2.3 Synthesis of Ti₃C₂/PAM NC hydrogels

Ti₃C₂/PAM NC hydrogels were prepared by in situ free radical polymerization. In a typical synthesis process, Ti₃C₂ was obtained by etching 600 mg Ti₃AlC₂ with 10 mL HF (30%) under vigorous stirring for 24 h. Then the product was centrifuged, rinsed repeatedly with water and ethanol, and dried for 12 h at 60 °C in a vacuum oven. A certain amount of Ti₃C₂ was dispersed in 50 mL water by ultrasonication for 72 h to form Ti₃C₂ aqueous suspensions (0.2 g L⁻¹, 0.4 g L⁻¹ and 0.6 g L⁻¹). 8 mL of the Ti₃C₂ suspension and 2 g acrylamide were mixed in a glass bottle placed in an ice water bath in a N₂ atmosphere for 30 min to exclude oxygen gas. Subsequently, 1 mL of the redox initiator (KPS, 15 mg mL⁻¹) was added into the mixture to initiate the in situ free radical polymerization without utilizing any organic crosslinkers. Then the mixture was allowed to react in the ice water bath under the protection of N₂ for 15 min. Finally, the whole mixture was transferred into a 6 mm diameter tube for 24 h to form hydrogels. The obtained hydrogels were denoted as T_nPAM hydrogels, where n represents the concentration (×10) of the Ti₃C₂ aqueous suspension. Freeze-dried hydrogels (xerogels) were prepared for swelling and drug release tests.

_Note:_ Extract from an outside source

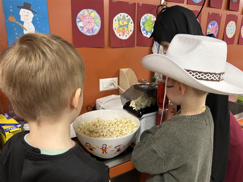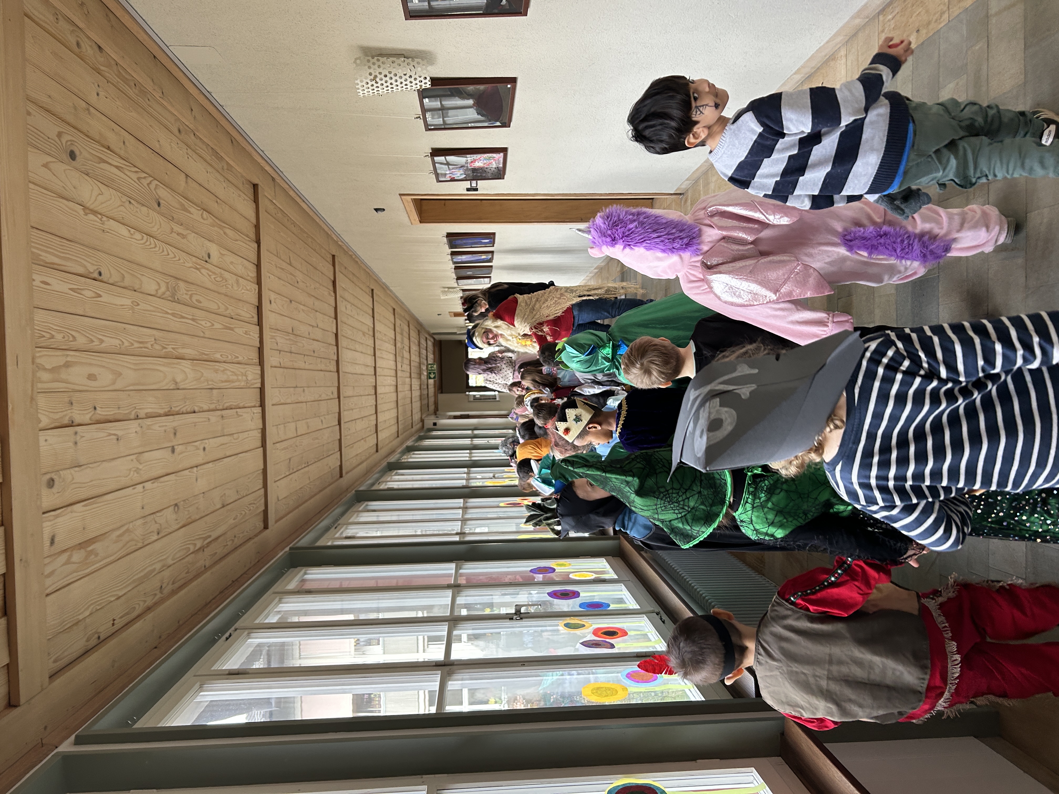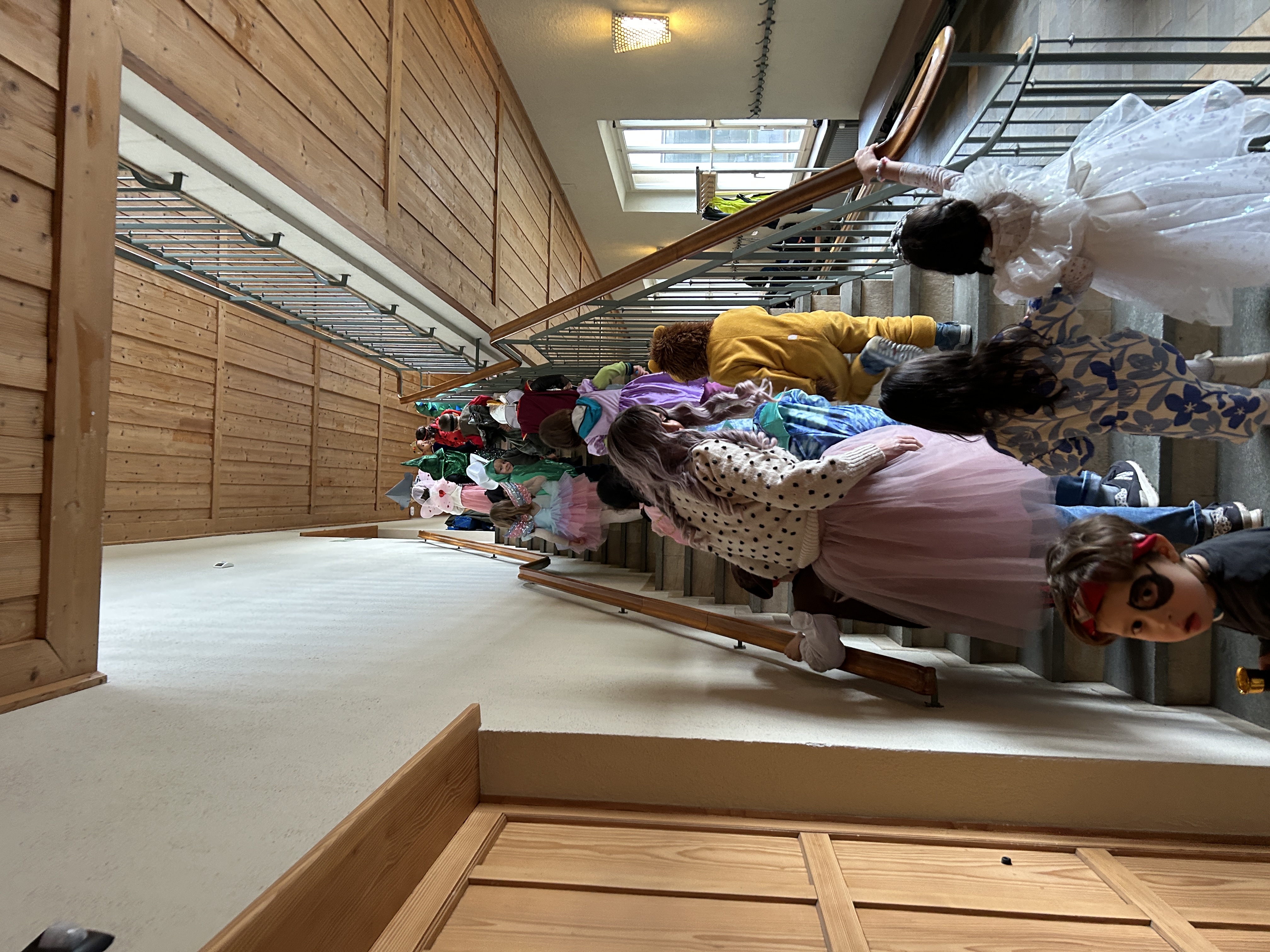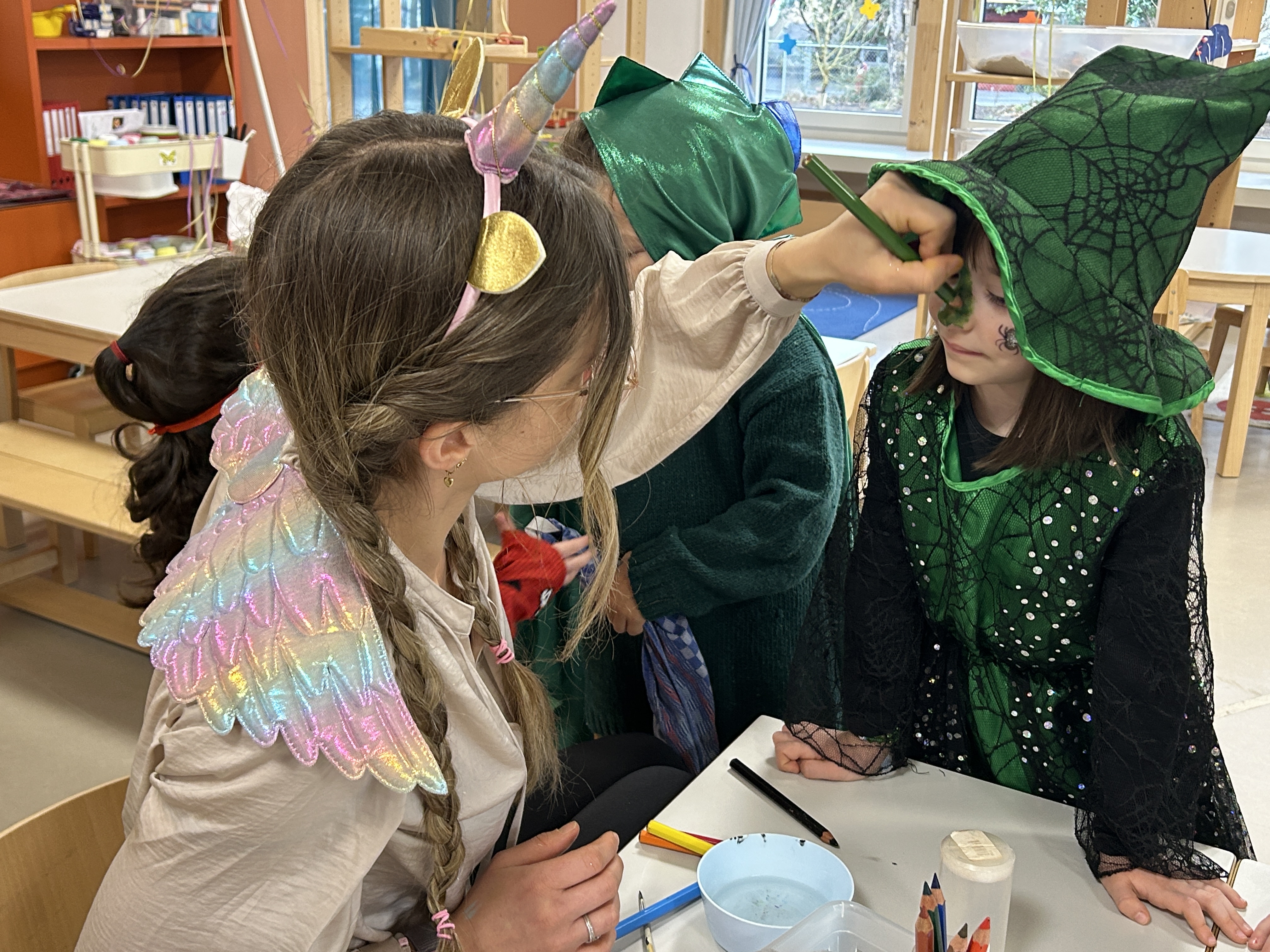 Am 20. Februar 2026 war es so weit: eine muntere Kinderschar trudelte im Kindergarten ein, teils verkleidet, andere suchten sich noch etwas im Kindergarten aus zum Verkleiden und liessen sich schminken. Popcorn wurde von ein paar Kindern gemacht, Sirup und Fasnachtschüechli bereit gestellt für das Znüni, Luftschlangen aufgehängt. Dann gingen beide Kindergärten zusammen auf den Umzug durchs Schulhaus.

2.4 Synthesis of organic crosslinked BIS/PAM NC hydrogels

For comparison, a traditional organic crosslinked BIS/PAM hydrogel was prepared by an analogous procedure in the absence of Ti₃C₂. 8 mL of the Ti₃C₂ aqueous suspension was replaced with 8 mL BIS (15 mg) solution. The detailed reactant amounts are listed in Table S1 (ESI†).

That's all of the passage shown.